Avello noted that right now, ‘Scottie is in a great groove.’
It’s a groove that involves a big swing, big distance and the propensity to rally from trouble. Scheffler doesn’t hit as many fairways as one might expect from an elite player, but his short game has been second to none.
That bailed him out in the Masters, producing what may be considered the shot of the year.
He was on the verge of squandering a six-shot lead. It was down to one.
Scheffler was in trouble and needed a fairway punch-and-run shot to try and save par on the third hole. The pressure was building. Scheffler was close to melting down amid the glare of a national television audience.
He just wanted to get the next shot close to right the ship. It was close all right. It went in.
The stunning birdie restored a three-shot advantage and Scheffler never looked back
Now he’s living large.
The New Jersey includes major golf heritage
Scheffler’s prowess is putting an exclamation point on New Jersey’s rich golf stature.
The top course in the country, according to most publications, is Pine Valley in Pine Hill.
Then there is Baltusrol Golf Club in Springfield. It has hosted the 2016 PGA Championship and seven U.S. Open championships, most recently in 1993.
And it’s scheduled to host the 2029 PGA Championship.
Baltusrol Golf Club also happens to be where legendary golfer Jack Nicklaus won two U.S. Open events.
Then there is the USGA Golf Museum, which is located at Liberty Corner. It is the nation’s oldest sports museum and the world’s leading institution for the collection preservation, interpretation and dissemination of golf history according to the USGA.

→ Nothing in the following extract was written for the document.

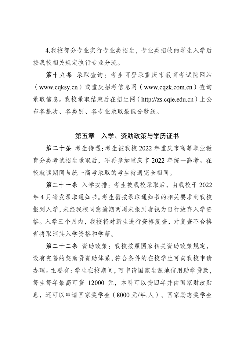 > 重庆工程学院2022年重庆市高等职业教育分类考试招生章程
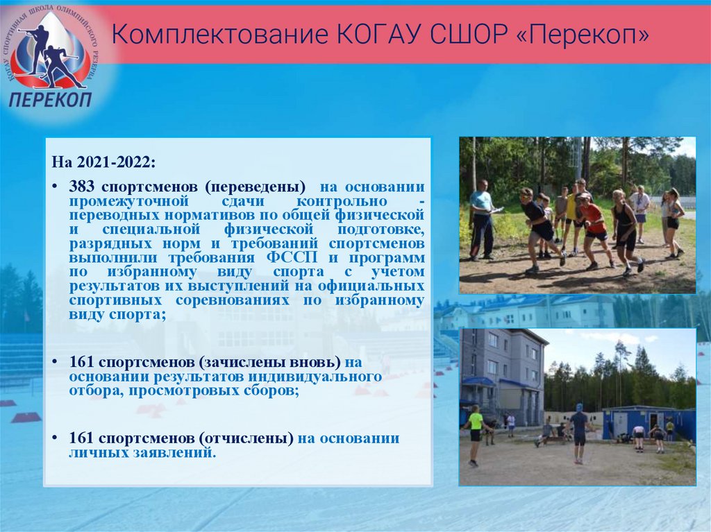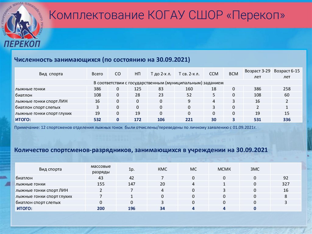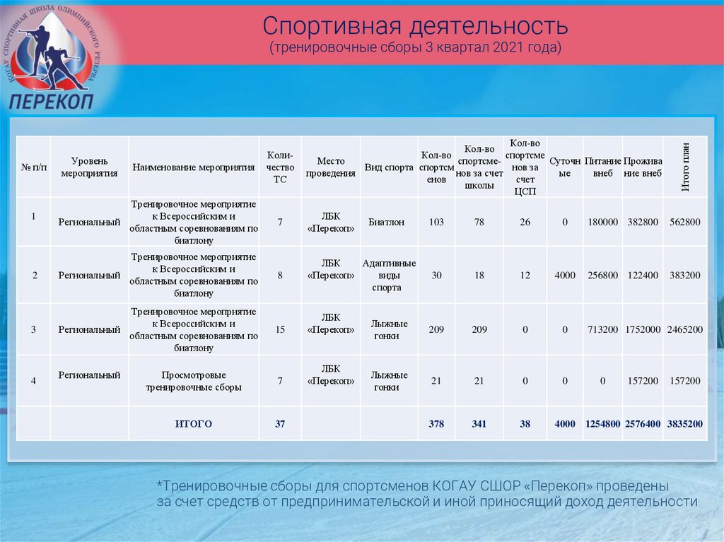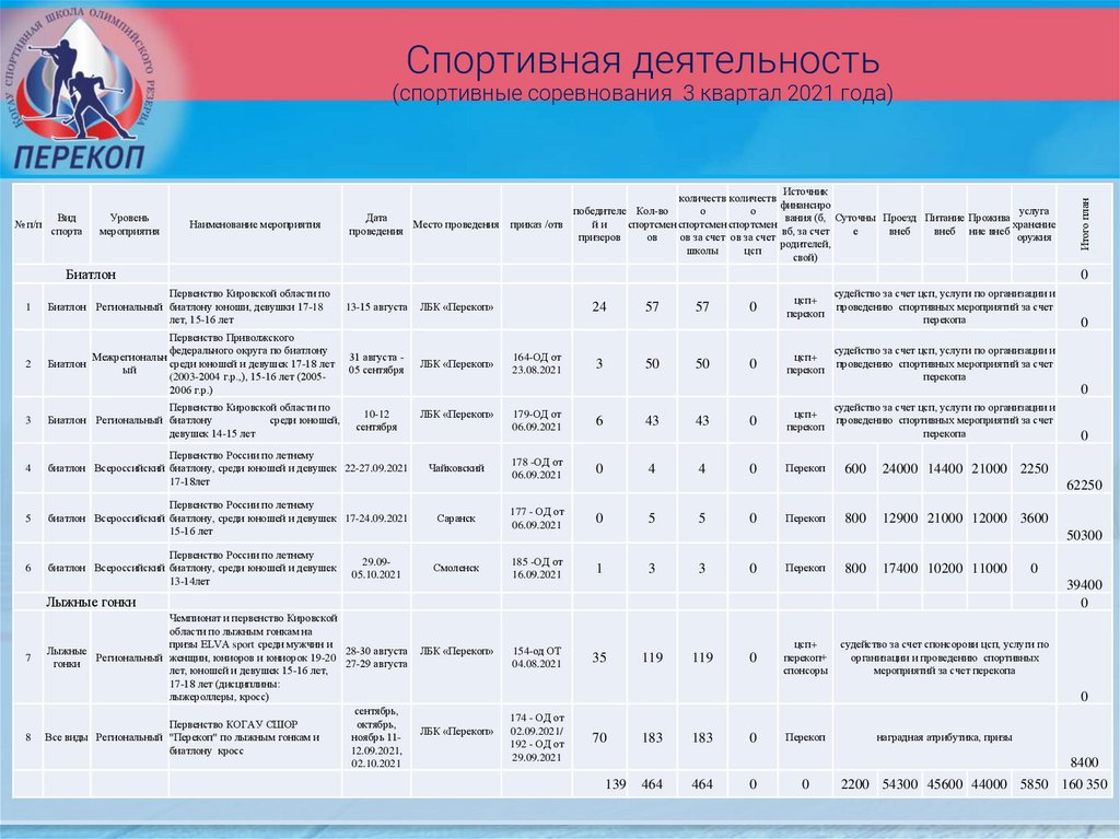 ИТОГИ РАБОТЫ КОГАУ СШОР«ПЕРЕКОП»за 3 квартал 2021

Recent additions include the Arnold Palmer Center for Golf History in 2008 and the Jack Nicklaus Room in 2015.
New Jersey also sports highly-regarded instructors and celebrity course owners like former Philadelphia Eagles great Ron Jaworski.
So up and down the state, golf is a symbol of prowess and a vibrant part of its economy.
Unfortunately, the Scheffler fairy tale in New Jersey won’t happen this year.
But his surge rekindles a tie between the Garden State and the game.